Many smart people have thought much deeper than me about these issues. Although they are producers rather than consumers, I’ll list ten personal favorites (probably much because of the order which I read the literature, and the many papers I missed . . it is not a stab at a real top list):
- Fortunato, Hric, 2016. Community detection in networks: A user guide — a clear and rather complete introduction to community detection; my go-to reference.
- Peel, Larremore, Clauset, 2017. The ground truth about metadata and community detection in networks — I agree with computer scientists: It is always a good idea to have an impossibility theorem (you can get two things you wish for, but not three) in your paper!
- Kernighan, Lin, 1970. An efficient heuristic procedure for partitioning graphs — A true classic. And even though it doesn’t exactly do community detection, it could be recast as such an algorithm. CS papers from the 1970’s are always nice to read, always evoking images of buzzing, fridge-sized IBM machines, tweed suits and the cold war.
- Schaub, Delvenne, Rosvall, Lambiotte, 2017. The many facets of community detection in complex networks. — This I also helped me to see the field from different perspectives, and it has a nice, unifying, let’s-be-friends-again undertone.
- Zachary, 1977. An information flow model for conflict and fission in small groups. — We all know the network itself, but this paper also contains a surprisingly modern community detection algorithm.
- Schuster, Pfeiffer, Moldenhauer, Koch, Dandekar, 2002. Exploring the pathway structure of metabolism: Decomposition into subnetworks and application to Mycoplasma pneumoniae. — Community detection is a field mostly driven by social data, but there was a time biological applications was also a source of inspiration. This paper develops a method similar to the Girvan-Newman algorithm, for situations (like metabolic networks) where the highest-degree nodes are also the ones least important to the functionality of the detected communities.
- Girvan, Newman, 2002. Community structure in social and biological networks — The paper that introduced the problem to me. It was slightly bizarre feeling that I coded it up before I knew what it could be used for (see above). This taught me that finding a good problem is sometimes more important than finding a solution.

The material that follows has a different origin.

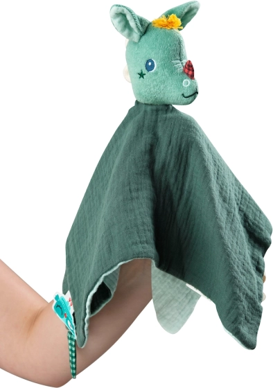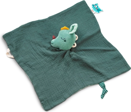 Η κουβερτούλα παρηγοριάς Δρακάκι Τζο έχει σχεδιαστεί για να προσφέρει μέγιστη άνεση και αίσθημα ασφάλειας στα παιδιά κατά τον ύπνο. Είναι φτιαγμένη από οργανικό βαμβάκι και η γέμιση είναι 100% πολυεστέρας, εξασφαλίζοντας απαλότητα και αντοχή. Με αυτό το λούτρινο, τα παιδιά μπορούν να παίζουν και σαν κουκλοθέατρο, προσφέροντας διασκεδαστικές δυνατότητες για αφήγηση ιστοριών. Η κουβερτούλα έχει διαστάσεις 32 x 32 cm και πλένεται εύκολα στο πλυντήριο σε απαλό πρόγραμμα στους 30°C.
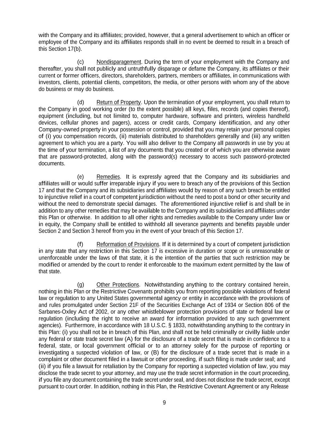 9 with the Company and its affiliates; provided, however, that a general advertisement to which an officer or employee of the Company and its affiliates responds shall in no event be deemed to result in a breach of this Section 17(b). (c) Nondisparagement. During the term of your employment with the Company and thereafter, you shall not publicly and untruthfully disparage or defame the Company, its affiliates or their current or former officers, directors, shareholders, partners, members or affiliates, in communications with investors, clients, potential clients, competitors, the media, or other persons with whom any of the above do business or may do business. (d) Return of Property. Upon the termination of your employment, you shall return to the Company in good working order (to the extent possible) all keys, files, records (and copies thereof), equipment (including, but not limited to, computer hardware, software and printers, wireless handheld devices, cellular phones and pagers), access or credit cards, Company identification, and any other Company-owned property in your possession or control, provided that you may retain your personal copies of (i) you compensation records, (ii) materials distributed to shareholders generally and (iii) any written agreement to which you are a party. You will also deliver to the Company all passwords in use by you at the time of your termination, a list of any documents that you created or of which you are otherwise aware that are password-protected, along with the password(s) necessary to access such password-protected documents. (e) Remedies. It is expressly agreed that the Company and its subsidiaries and affiliates will or would suffer irreparable injury if you were to breach any of the provisions of this Section 17 and that the Company and its subsidiaries and affiliates would by reason of any such breach be entitled to injunctive relief in a court of competent jurisdiction without the need to post a bond or other security and without the need to demonstrate special damages. The aforementioned injunctive relief is and shall be in addition to any other remedies that may be available to the Company and its subsidiaries and affiliates under this Plan or otherwise. In addition to all other rights and remedies available to the Company under law or in equity, the Company shall be entitled to withhold all severance payments and benefits payable under Section 2 and Section 3 hereof from you in the event of your breach of this Section 17. (f) Reformation of Provisions. If it is determined by a court of competent jurisdiction in any state that any restriction in this Section 17 is excessive in duration or scope or is unreasonable or unenforceable under the laws of that state, it is the intention of the parties that such restriction may be modified or amended by the court to render it enforceable to the maximum extent permitted by the law of that state. (g) Other Protections. Notwithstanding anything to the contrary contained herein, nothing in this Plan or the Restrictive Covenants prohibits you from reporting possible violations of federal law or regulation to any United States governmental agency or entity in accordance with the provisions of and rules promulgated under Section 21F of the Securities Exchange Act of 1934 or Section 806 of the Sarbanes-Oxley Act of 2002, or any other whistleblower protection provisions of state or federal law or regulation (including the right to receive an award for information provided to any such government agencies). Furthermore, in accordance with 18 U.S.C. § 1833, notwithstanding anything to the contrary in this Plan: (i) you shall not be in breach of this Plan, and shall not be held criminally or civilly liable under any federal or state trade secret law (A) for the disclosure of a trade secret that is made in confidence to a federal, state, or local government official or to an attorney solely for the purpose of reporting or investigating a suspected violation of law, or (B) for the disclosure of a trade secret that is made in a complaint or other document filed in a lawsuit or other proceeding, if such filing is made under seal; and (ii) if you file a lawsuit for retaliation by the Company for reporting a suspected violation of law, you may disclose the trade secret to your attorney, and may use the trade secret information in the court proceeding, if you file any document containing the trade secret under seal, and does not disclose the trade secret, except pursuant to court order. In addition, nothing in this Plan, the Restrictive Covenant Agreement or any Release

- Peixoto, 2018. Bayesian stochastic blockmodeling — This is maybe the most readable intro to SBMs, by the high priest himself. It’s also the lead I’m currently following for the project mentioned above.
- Palla, Derenyi, Farkas, Viscek, 2005. Uncovering the overlapping community structure of complex networks in nature and society — This is interesting because the rationale is so different. It feels like I could have come up with all of the papers above, but this one . . never.
- White, Boorman, Breiger, 1976. Social structure from multiple networks. I. Blockmodels of roles and positions — Identity and Control has a certain charm, but I prefer the early White.